A Somali-American woman has become the first model to wear a hijab and full-body burkini in Sports Illustrated’s annual swimsuit issue.
Halima Aden, who will be featured in the United States-based magazine’s May 8 issue, called the photo feature a “dream come true” and said she hoped it would promote diversity and boost confidence among young Muslim women to participate in sports and assert their right to public spaces.
“Growing up in the States, I never really felt represented because I never could flip through a magazine and see a girl who was wearing a hijab,” Aden, who is Muslim and a former refugee, said in a video tweeted by Sports Illustrated on Monday.
“Being in Sports Illustrated is so much bigger than me,” she added in a post on Instagram. “It’s sending a message to my community and the world that women of all different backgrounds, looks, upbringings … can stand together and be celebrated.”
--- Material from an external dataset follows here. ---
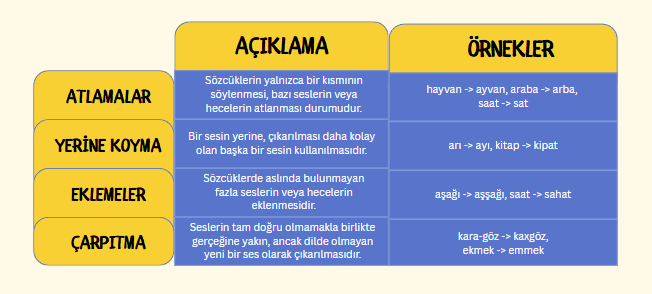 Artikülasyon (sesletim) bozuklukları, bu belirtilerin en yaygın olanlarıdır ve genellikle dört ana şekilde görülür.

The 21-year-old model’s spread was shot at Watamu Beach in Kenya, where she was born in a refugee camp and lived until the age of seven before moving to the US.
“Young Muslim women need to know that there is a modest swimsuit option available to them so they can join the swim team, participate in swim class at school, and go with their friends to the beach,” she said.
“Muslim girls should feel confident taking that step and doing so comfortably while wearing a burkini.”
The announcement sparked both praise and scorn, with some lauding Aden for “breaking barriers” and others criticising her for appearing in a magazine they said “objectified women”.
One Twitter user, Janice Deul, said Aden had made “history again” and was using “the power of fashion and magazines to make society more inclusive”.
Another Twitter user called Aden’s pictures “inspirational”, and added: “The whole world is a beautiful and amazing place when culture, diversity and multiculturism is shown in its full glory.”
Others were critical, however.
Shireen Qudosi, a Twitter user, said: “If you’re going to wear the hijab and cover your skin – whether you think our religion calls for it or you want modesty – it is completely counterintuitive to strike a sexy pose in a magazine known for objectifying women.”
MJ Day, Sports Illustrated Swimsuit’s editor, said she and Aden “both believe the ideal of beauty is so vast and subjective”.
In a statement on the magazine’s website, Day added: “We both know that women are so often perceived to be one way or one thing based on how they look or what they wear. Whether you feel your most beautiful and confident in a burkini or a bikini, YOU ARE WORTHY.”